**TASK:** Could the listing be repeated exactly, with every picture dropped?

**DATASET CONTENT:**
==========

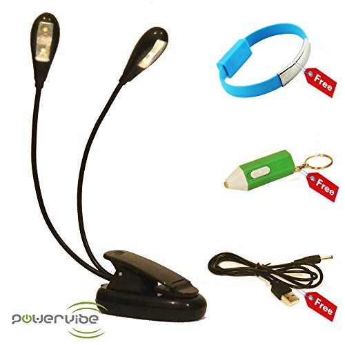 LED Book Light By Powervibe, Portable and Flexible Clip On Desk Reading Lamp, FREE Micro USB Bracelet, FREE Keyring Light, FREE USB Cord Included
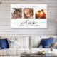 Ce magnifique tableau mural en toile présente un magnifique collage photo à trois images présentant des souvenirs chéris, orné du message sincère "Bienvenue à notre histoire". L'élégant design noir et blanc, combiné à un script exquis et à une typographie d'impression, crée une pièce sophistiquée et durable qui complètera n'importe quel style intérieur. Personnalisez-le avec votre nom de famille. Créé par Simply Farmhouse Press.
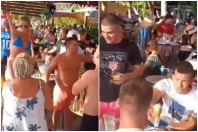 Na snimku koji je nastao na primorju, vidi se velika grupa ljudi koja u baru na plaži iz sveg glasa peva ustašku pesmu "Jasenovac i Gradiška stara":

==========

**TASK RESULT:**
 LED Book Light By Powervibe, Portable and Flexible Clip On Desk Reading Lamp, FREE Micro USB Bracelet, FREE Keyring Light, FREE USB Cord Included
 Ce magnifique tableau mural en toile présente un magnifique collage photo à trois images présentant des souvenirs chéris, orné du message sincère "Bienvenue à notre histoire". L'élégant design noir et blanc, combiné à un script exquis et à une typographie d'impression, crée une pièce sophistiquée et durable qui complètera n'importe quel style intérieur. Personnalisez-le avec votre nom de famille. Créé par Simply Farmhouse Press.
 Na snimku koji je nastao na primorju, vidi se velika grupa ljudi koja u baru na plaži iz sveg glasa peva ustašku pesmu "Jasenovac i Gradiška stara":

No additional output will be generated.